Contohnya, dalam suatu penelitian tentang penggunaan teknologi komputer oleh seorang guru
di ruang kelas SMA, peneliti akan memasukkan informasi tentang pengenalan komputer yang
dilakukan oleh guru, penggunaan komputer saat ini, dan tujuan serta harapan adanya
penggunaan di masa mendatang. Cerita kemudian akan dilaporkan oleh peneliti dalam bentuk
deskripsi tentang sekuensi guru tersebut.

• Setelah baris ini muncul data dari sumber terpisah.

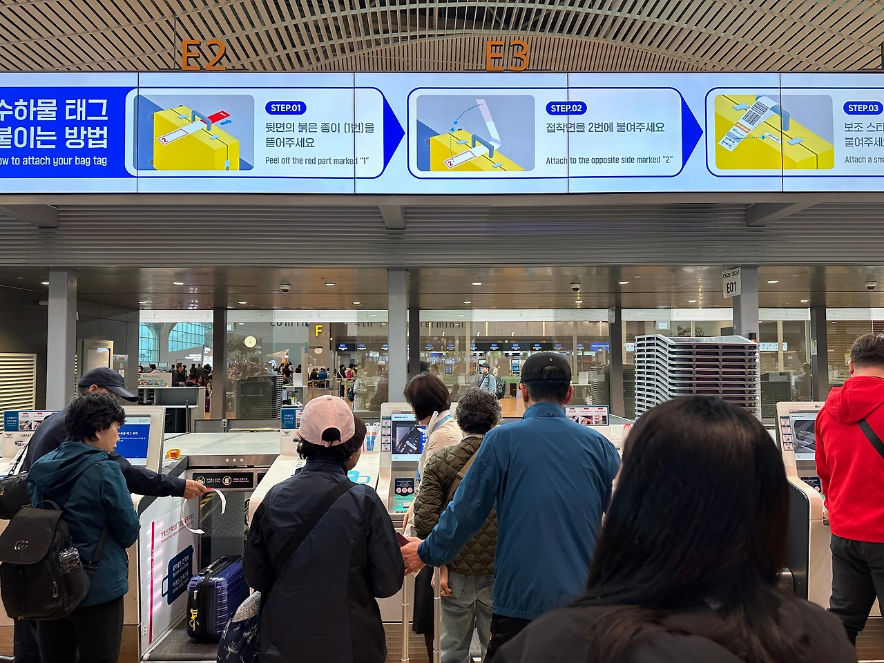 일단 짐을 부치는 게 모두 무인화되어 있더군요. 노인들이 특히 힘들어하는데 저도 막상 손잡이에 붙이는 스티커를 잘못 붙여서 직원이 도와주셨습니다.
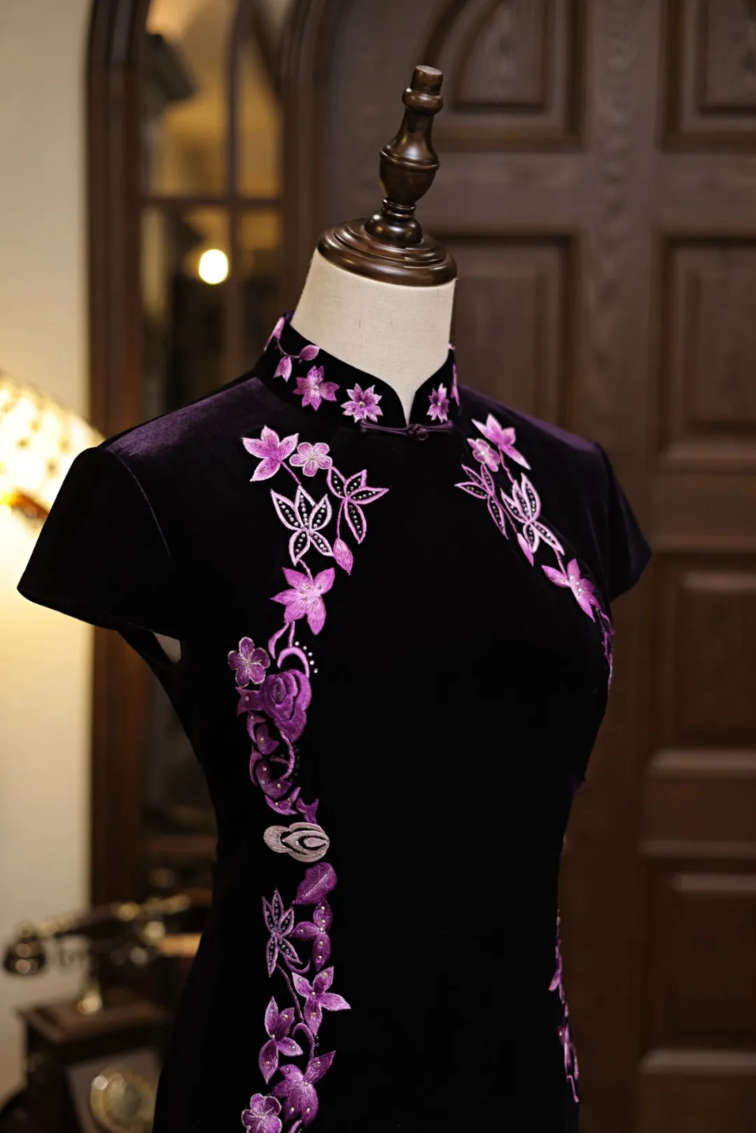 The last one is the star of today, being grand and noble, meeting all the expectations and sense of identity in a festival atmosphere. The velvet cheongsam made of silk material is like the rich purple - red color of a ripe fruit, being cold and charming, fragrant, mysterious, and noble. The style adopts a waist - cinched and wide - skirt form, different from the traditional convergent style of cheongsams. The grand wide skirt determines its aura and can conquer any occasion and festival. In terms of details, the hand - pushed embroidery in the same color system highlights the light and dark changes of purple with blooming flowers in a very hierarchical way. Opposite to each other and extending to the waist - cinching position, it cleverly plays the role of shrinking the waist curve again. Paired with an extra - long skirt, the vertical lengthening effect is the essence of this cheongsam, making anyone who wears it look graceful and tall.

3. Pengumpulan cerita individu


Untuk mengembangkan prespektif kronologis pengalaman seseorang, peneliti naratif meminta
kepada partisipan untuk menceritakan sebuah kisah (atau beberapa kisah) tentang
pengalamannya. Peneliti naratif mengumpulkan cerita dari beberapa sumber data. Field
texts (teks lapangan) mempresentasikan informasi dari sumber-sumber yang berbeda yang
dikumpulkan oleh peneliti dalam satu rancangan naratif. Pengumpulan data dari peneliti naratif
berupa diskusi, percakapan, atau wawancara antara seorang peneliti dan seorang individu.
Jurnal atau catatan harian juga merupakan bentuk lain untuk mengumpulkan cerita, seperti
halnya catatan lapangan (field notes) yang ditulis oleh peneliti atau partisipan.

4. Menceritakan kembali
Setelah individu bercerita tentang pengalamannya, peneliti menyampaikan/ menceritakan/
memetakan kembali cerita tersebut dengan kalimatnya sendiri. Saat menceritakan kembali
merupakan proses dimana peneliti mengumpulkan cerita, lalu menganalisis untuk menemukan
inti dari cerita (misalnya, waktu, tempat, plot, dan adegan), dan setelah itu menuliskan kembali
cerita tersebut untuk mendapatkannya dalam urutan kronologis. Terdapat tiga tahapan dalam
proses menceritakan kembali menurut Assjari dan Permanarian (2010) yaitu :
a. Hasil wawancara yang diperoleh peneliti ditranskripsi dari rekaman audio yang ditunjukkan
dalam kolom pertama sebagai data mentah.
b. Peneliti mentranskripsi ulang data mentah tersebut dengan cara mengidentifikasi elemen-
elemen kunci dari cerita. Pengulangan transkripsi ditunjukkan pada kolom kedua. Elemen-
elemnen yang menjadi kunci cerita diletakkan dibagian bawah tabel agar memudahkan peneliti
mengindikasikan kode terkait setting, karakter, tindakan, masalah ataupun penyelesaian
konflik.
c. Pengorganisasian kode kunci kedalam sebuah urutan yang disajikan dtulisan. Pengerjaan
transkipsi tersebut untuk mengidentifikasi elemen-elemen dalam cerita dan menceritakan
kembali secara logis sesuai dengan urutannya.

5. Proses pengkodean tema


Seperti halnya penelitian kualitatif yang lain, data yang diperoleh dapat disegmentasi menjadi
tema. Seperti semua peneliti kualitatif, peneliti meng-identifikasi sejumlah kecil tema ini ke
dalam uraian tentang cerita individu atau memasukkannya sebagai bagian terpisah dalam
penelitian. Peneliti naratif biasanya menyuguhkan tema setelah menceritakan kembali
kisahnya.

6. Konteks atau setting


Peneliti naratif menggambarkan secara rinci konteks atau setting dimana partisipan mengalami
fenomena dalam ceritanya. Setting dalam riset naratif bisa berupa teman, keluarga, tempat
kerja, rumah, organisasi sosial, atau sekolah. Dalam beberapa studi naratif, catatan tentang .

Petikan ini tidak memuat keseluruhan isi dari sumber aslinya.